Folsom and Cleveland shared more than just a friendship. In the election of 1885, Cleveland's opponents reported that Cleveland had fathered an illegitimate child while he was a lawyer in Buffalo. Their chant "Ma, Ma, where's my Pa?" rose as an unofficial campaign slogan for those who opposed him. When confronted with the scandal, Cleveland's instructions to his campaign staff were: "Tell the truth." Cleveland admitted to paying child support in 1874 to Maria Crofts Halpin, the woman who claimed he fathered her child named Oscar Folsom Cleveland. Miss Halpin was involved with several men at the time, including Oscar Folsom, for whom the child was named. Cleveland did not know which man was the father, and is believed to have assumed responsibility because he was the only bachelor among them. After Cleveland won the election, his supporters would answer the question "Ma, Ma, where's my Pa?" with the reply "Gone to the White House, ha ha ha!"
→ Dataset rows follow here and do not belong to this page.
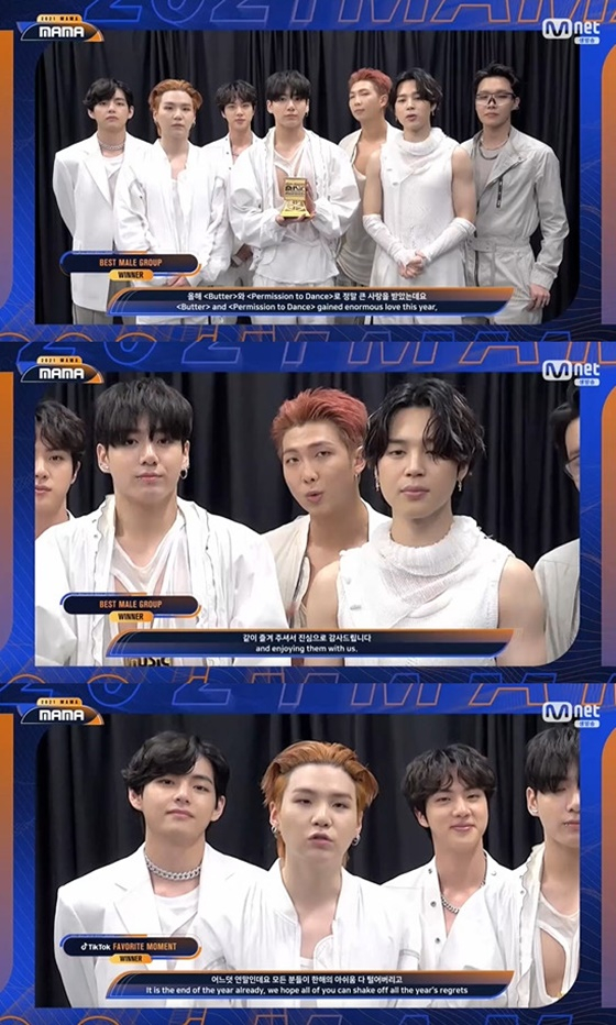 방탄소년단은 영상을 통해 "올해도 아미와 사랑과 응원 덕분에 'MAMA'에서 귀한 상을 받게 됐다"고 소감을 전했다.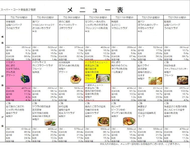 7月7日から7月13日の献立表をご紹介致します('ω')ノ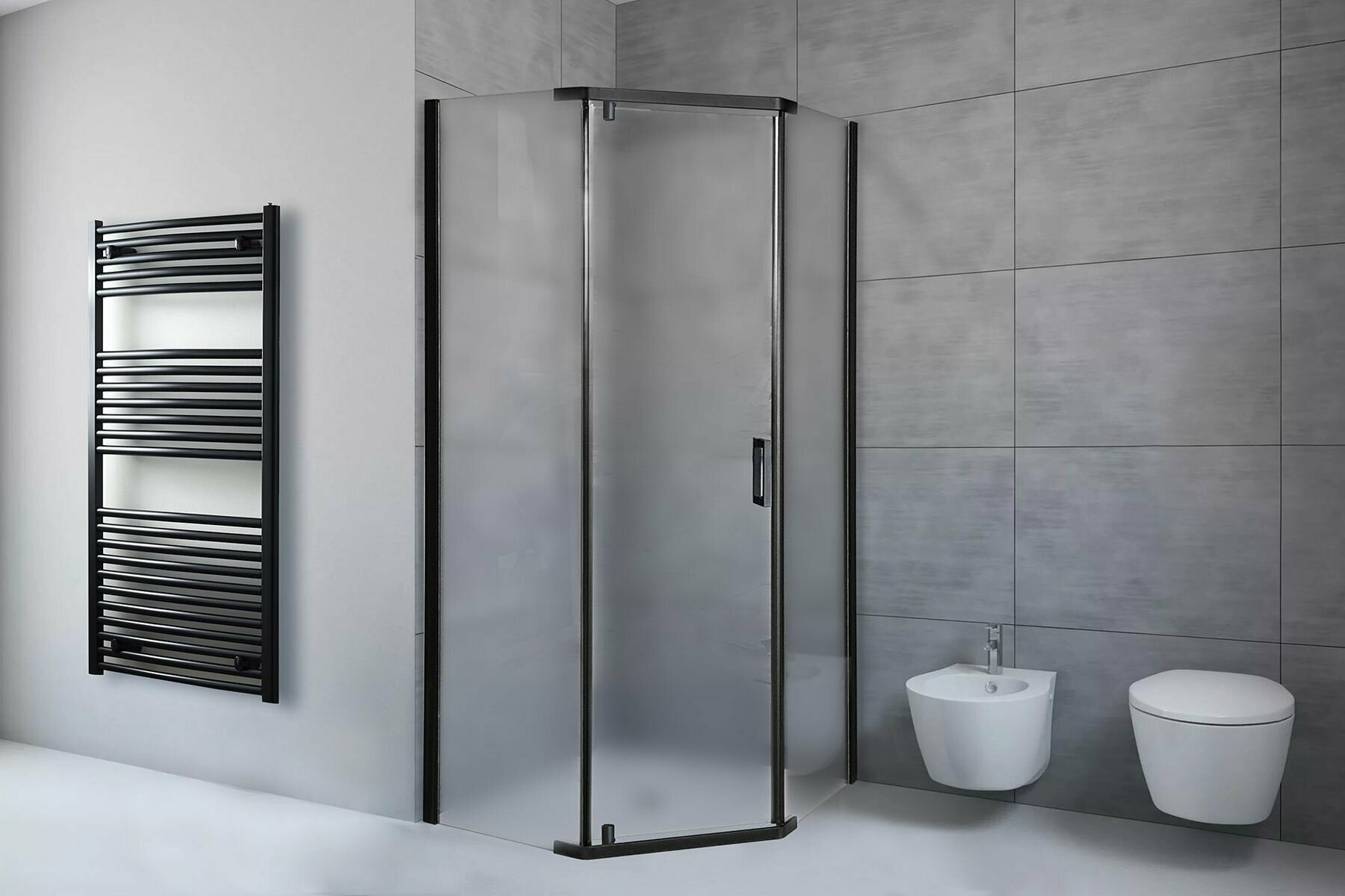 Купить Душевой уголок Royal Bath стекло матовое профиль черный 6мм трапеция 120х120х185

Not many people can say they knew their spouse from birth, but Cleveland took an instant interest in Frances, buying her a baby carriage and otherwise doting on her as she grew up. When Oscar Folsom died in a buggy accident in 1875 without having written a will, the court appointed Cleveland administrator of his estate and guardian of Frances, then age 11. Frances attended Central High School in Buffalo and later Wells College in Aurora, New York.
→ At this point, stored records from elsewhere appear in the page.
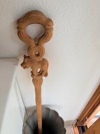 Arte africana. Scettro proveniente dal Kenya in legno intagliato con decorazioni tribali e leone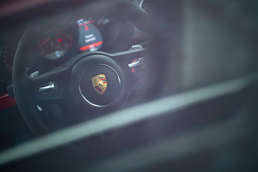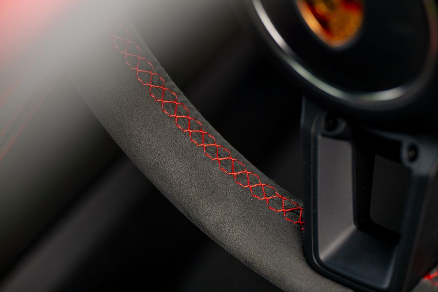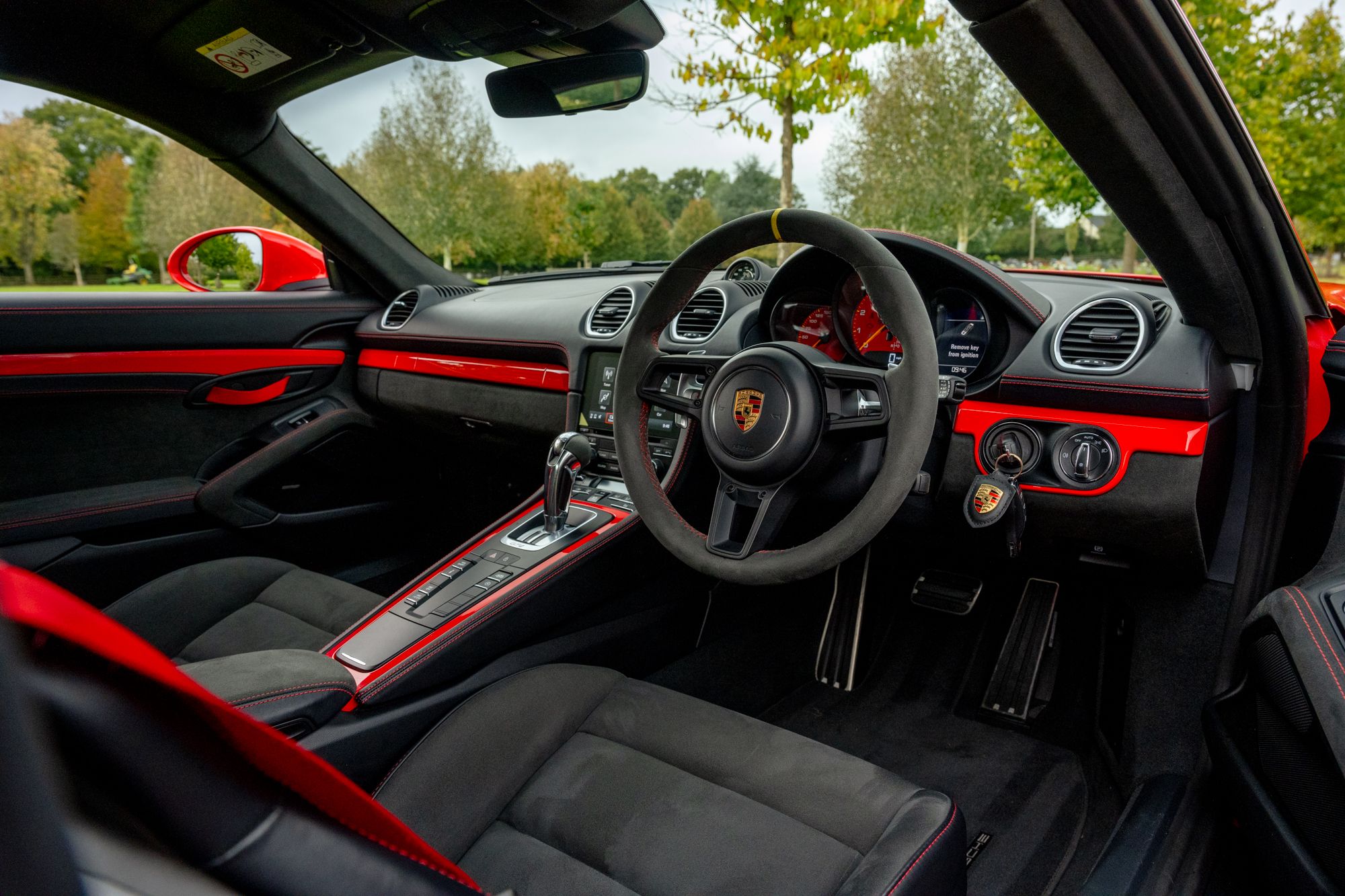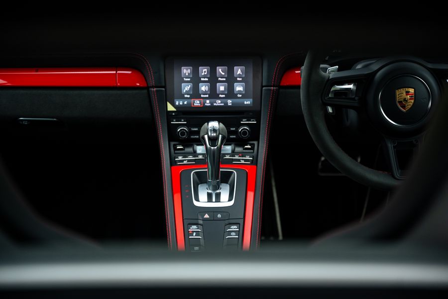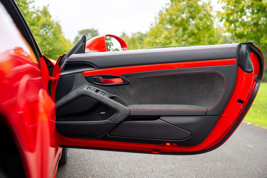 2022/22 With 8,600 Miles . Guards Red With Race Tetx Interior With Extensive Items In Leather Black , Decorative Stitching Contrasting Colour Red , PORSCHE logo Painted in Satin Black , Exclusive Design Fuel Filler Cap , Chrono Package and preparation for lap Trigger, Steering Wheel Rim with Top Centre for Lap trigger , Steering Wheel Rim With Top Centre Marking in Yellow , Passenger Footwell Storage Net , Interior Package painted (leather) , Seats Belts in Guards Red ,Intstrument Dials Guards Red , Decorative Stitching in Contrasting Colour , Bose Surround System , Led Main Headlight Including Porsche Dynamic light System Plus (PDLS Plus) Electrically Folding Exterior Mirrors Including Courtesy lighting , Automatically Dimming mirrors With Integrated Rain Sensor , Park Assist (Rear ) With Reversing Camera .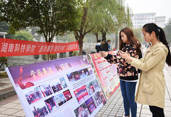 本网讯 117日,由理学院承办的学生廉洁教育活动“崇尚廉洁,诚实守信”主题专栏评比在爱莲湖畔举行。校党委副书记唐艳明、副校长吴小林兴致勃勃前往观展。

Sometime while she was in college, Cleveland's feelings for her took a romantic turn. He proposed by letter in August 1885, soon after her graduation. They did not announce their engagement, however, until just five days before the wedding.
Frances, age 21, married President Grover Cleveland, age 49, on June 2, 1886, at the White House. Their age disparity of 27 years is the second largest of any Presidential marriage. Cleveland was the only president to be married in the White House (John Tyler was older than his second wife Julia by 30 years). President Cleveland worked as usual on his wedding day.
The ceremony, a small affair attended by relatives, close friends and the cabinet and their wives, was performed at 7 p.m. in the Blue Room of the White House by the Reverend Byron Sutherland, assisted by the Reverend William Cleveland, the president's brother. The words "honor, love, and keep" were substituted for "honor, love and obey". John Philip Sousa and the Marine Band provided the music. The couple spent a five-day honeymoon at Deer Park in the Cumberland Mountains of Western Maryland.